Take note: Here’s how to stay safe on campus

Each fall, approximately 20 million students head off to an American college or university. With a new environment and newfound independence, these young men and women can be particularly vulnerable in social situations. Among undergraduate students, 23.1 percent of females and 5.4 percent of males experienced rape or sexual assault through physical force, violence, or incapacitation in 2017, according to the Association of American Universities. In addition, students are susceptible to instances of theft and other physical violence.
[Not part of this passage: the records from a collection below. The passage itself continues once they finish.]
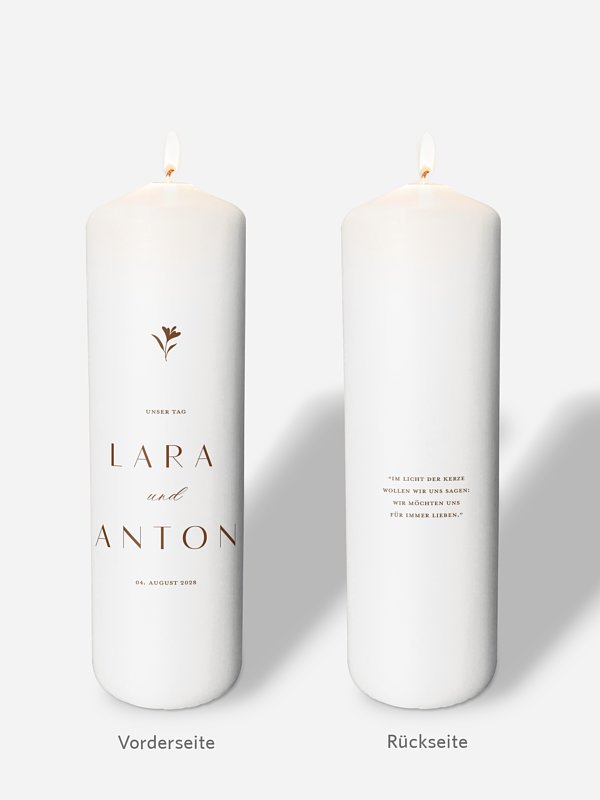 Ideal für das Ritual der Hochzeitskerze bei Ihrer freien Trauung: Die personalisierbare Kerze "Monogram muse" ist ein bleibendes Erinnerungsstück.
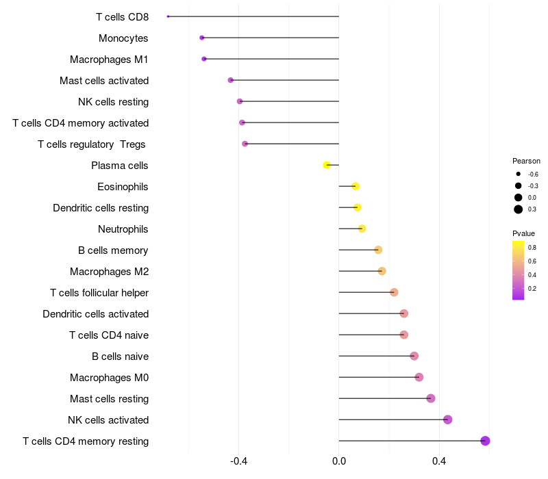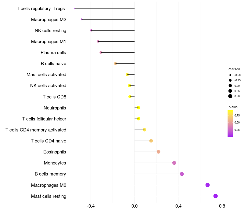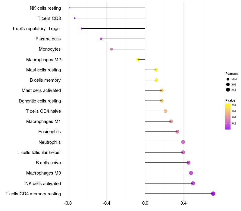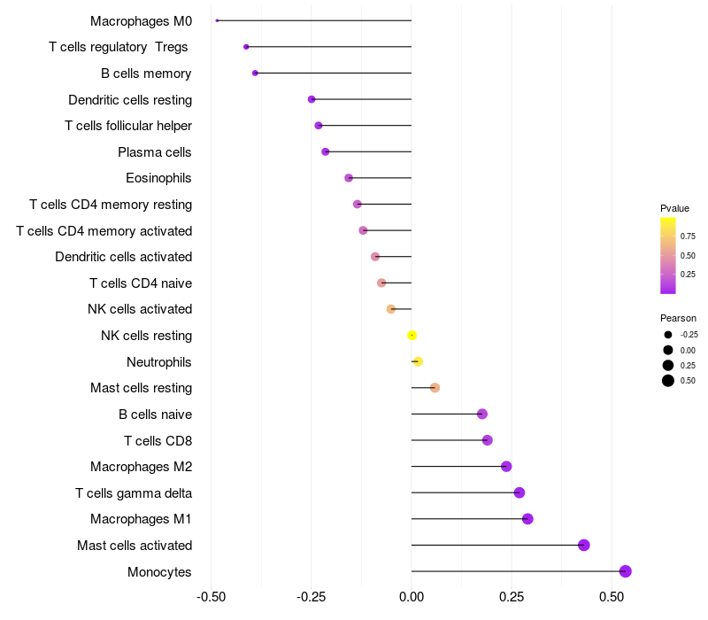 Lollipop of ETFDH expression and immune infiltrating cell level correlation result in HBV+ Liver cirrhosis samples
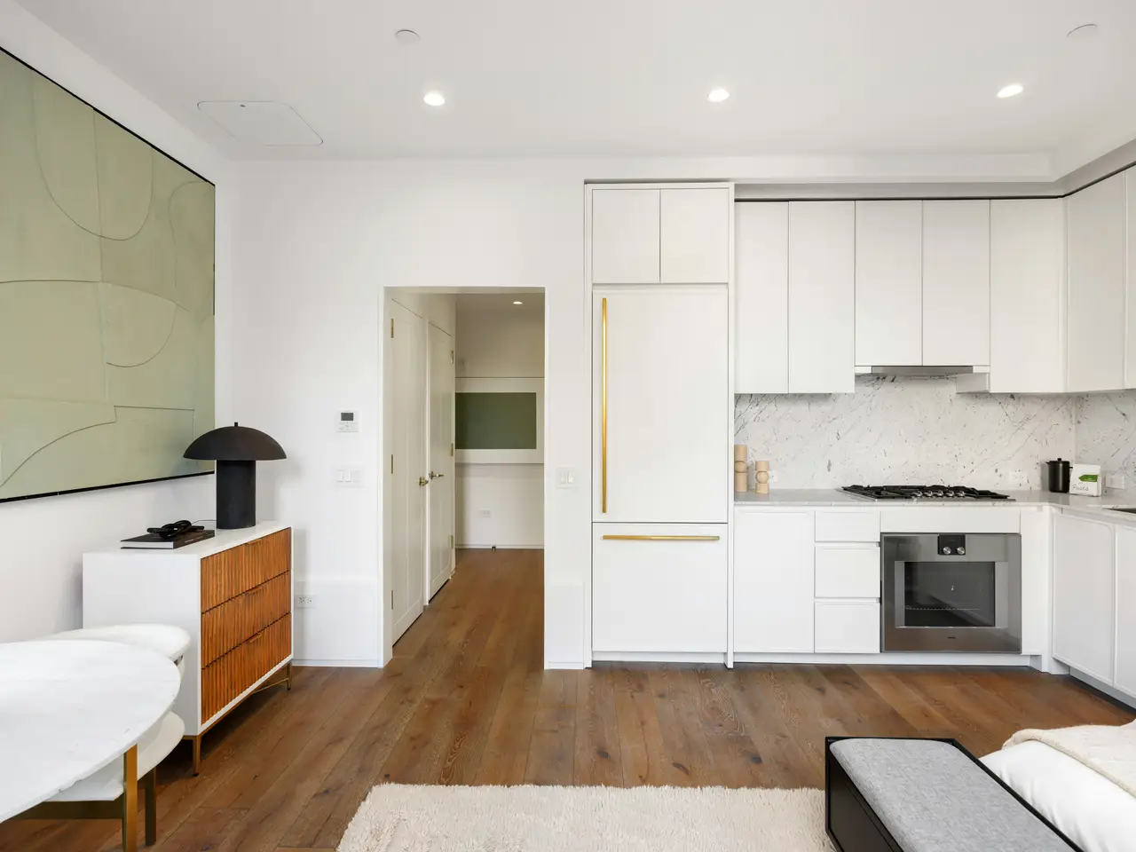 The last sponsor unit with a terrace! This 597 square foot corner studio boasts dramatic 10-foot ceilings, and a 123 square foot private terrace facing North over tree-lined 88th Street. The kitchen was meticulously designed by Molteni & C Dada for DDG, featuring custom white lacquered cabinetry, honed statuary marble slab countertops and backsplash with brass inlays, Fantini fixtures in natural brass, and a full suite of Gaggenau and Bosch appliances. The bathroom features silver travertine slabs, mosaic tile accented floors, oak cabinetry with undermount Duravit sinks and honed Bianco Grigio marble countertop, cove lighting complemented by Fantini fixtures in natural brass, and radiant heated flooring. There are 7.5 inch wide Austrian white oak floors throughout, a formal elliptical entry gallery with coved ceilings, custom wainscoting with baseboard reveals, solid wood interior over 8 foot doors and coved plaster ceilings. The apartment has central air conditioning, and a washer/dryer. 180 East 88th Street is an intimate luxury condominium in the coveted Carnegie Hill neighborhood on the Upper East Side. There are EIGHT above ground floors of amenities including a basketball court and soccer pitch, fitness & yoga studio, residents' lounge with catering kitchen, game room and children's playroom. Storage, bike racks and wine storage within a wine tasting room are available for purchase. There is a full time doorman and concierge, as well as a resident manager. The complete offering terms are in an Offering Plan available from the Sponsor. File No. CD15-0154. Sponsor: 180 East 88th Street Realty LLC, 375 Hudson Street, 12th Floor, New York, NY 10014. Equal Housing Opportunity.
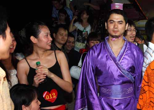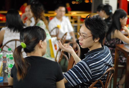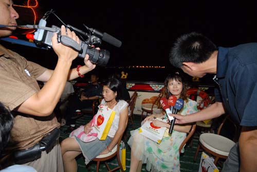 红队11号的漂亮小姐,受到众男士青睐。最早给11号写传情卡片的绿队23号帅哥,1米75左右的个,脸长得很有型,头发被摩丝打得油光发亮,特有精神。他说,自己一上船对红队11号特有感觉。此时的红队11号,对面正坐着一个人高马大的黄队78号,两人聊得甚欢。当绿队队长受委托把绿队23号的卡片送至红11号时,黄队78号甚是惊讶且略带“恼怒”,并当场微笑“叫战”:“哪位帅哥来抢我美女,叫他来坐在我旁边(比试比试)!”逗得红队11号忍笑不止。而绿队23号,因为羞涩,显得怯场,直等到黄队78号离开,才与红队11号见面开聊。
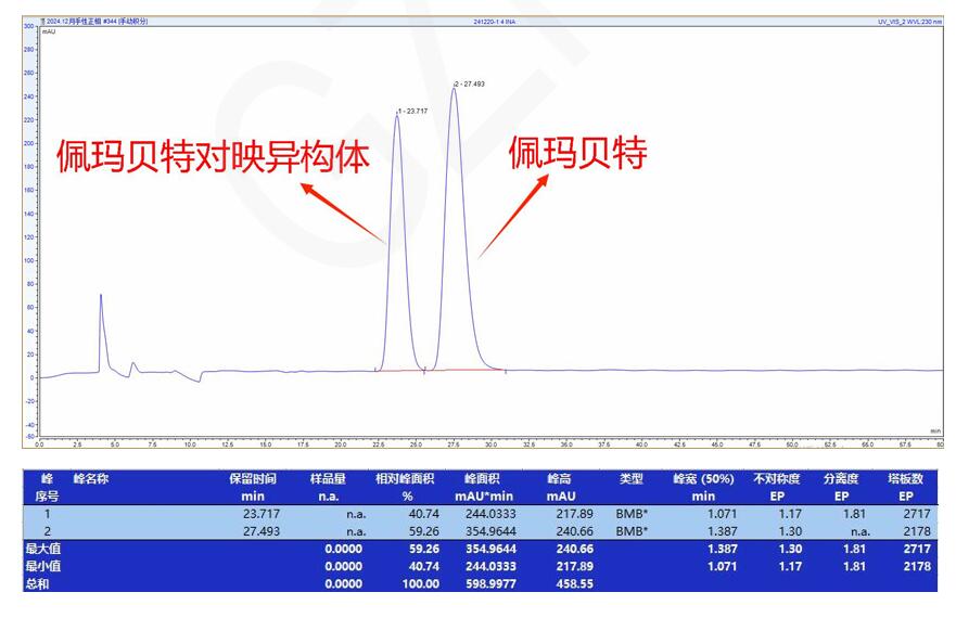 App ID: FLM-B250001 佩瑪貝特及其對(duì)映異構(gòu)體的手性拆分 方法 1: 色譜柱:Chiral INA 5μm 250*4.6mm (貨號(hào):FMG-JY5-I01) 流動(dòng)相:正相(咨詢) 流速:0.8 mL/min 檢測(cè)波長(zhǎng):230nm 柱溫:25℃ 樣品濃度:1mg/ml 稀釋劑:甲醇 進(jìn)樣量:10ul 色譜圖:
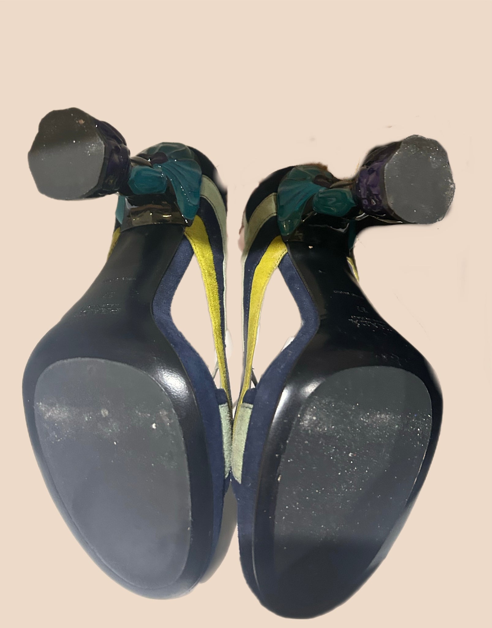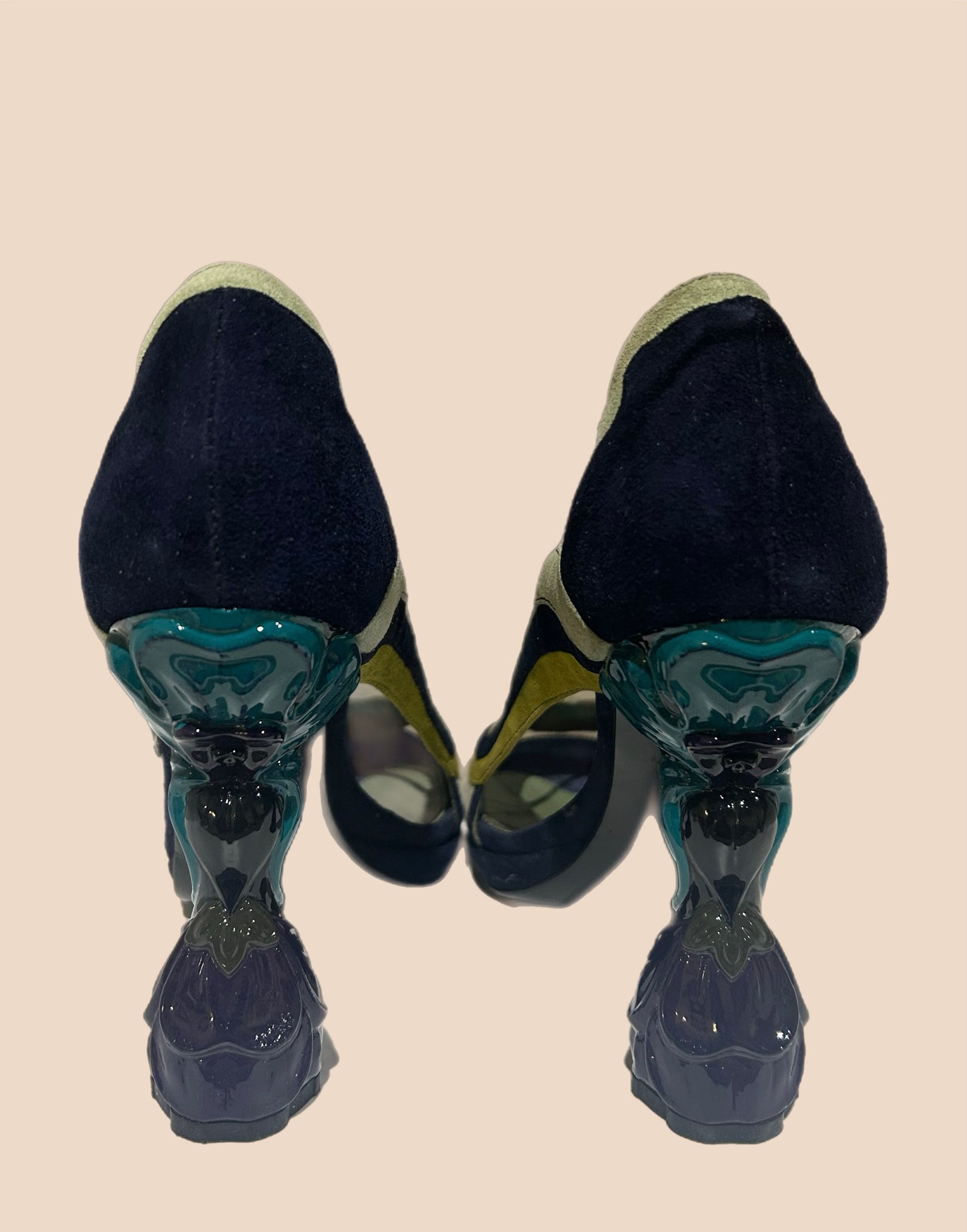 Featuring a Camoscio Wave strap these heels have a particularly unique design. The heel is sculpted with petals of varying colors like turquoise, black, forest green and indigo.
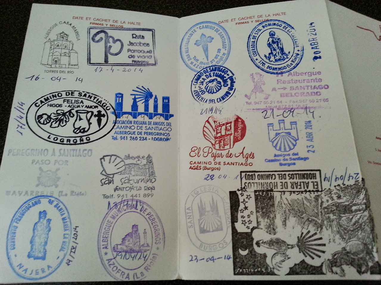 2014년 산티아고 순례길을 걸었을 때 받은 sello. 알베르게에 도착하면 순례자 여권에 도장을 찍어준다.

No one wants to think about these unpleasant acts, but being prepared can greatly minimize the risk. David Kelley, security officer, Parkview Health, has some great tips for students returning to campus.

Campus Safety Tips 
  • Be aware of your surroundings.  Try not to “zone out” or get distracted on your phone. Keep earbuds out! Look out for what is happening around you.
     
  • Do not walk alone at night.  Use the buddy system. As childish as it seems, you’re doing yourself and your friend a favor by sticking together.
     
  • Lock your doors.  Keep your car and home doors locked at all times, even when you’re awake. This can prevent attack and theft.
     
  • Have some extra cash on hand.  Having cash can save the day if you lose your debit or credit card and need to get out of a bad situation.
     
  • Have the right contacts.  Store the campus emergency numbers in your phone.
     
  • Map it out.  Learn your way around campus and identify places where you hide, if necessary. It’s also important to know where the emergency call buttons are on campus.
     
  • Call it a night.  Never stay at a party if your friend leaves. It’s incredibly risky to be there alone and could put your friend at risk as well if they have to walk home alone.
     
  • Be smart with substances.  Try to avoid becoming intoxicated and losing control of yourself. When your judgement is impaired and awareness is down, you are at a much greater risk.
     
  • Empower yourself.  Consider taking a self-defense class through the school or a local organization. You might feel comfortable carrying pepper spray or a loud whistle as well. Just make sure you know how to properly handle and operate any self-defense mechanisms.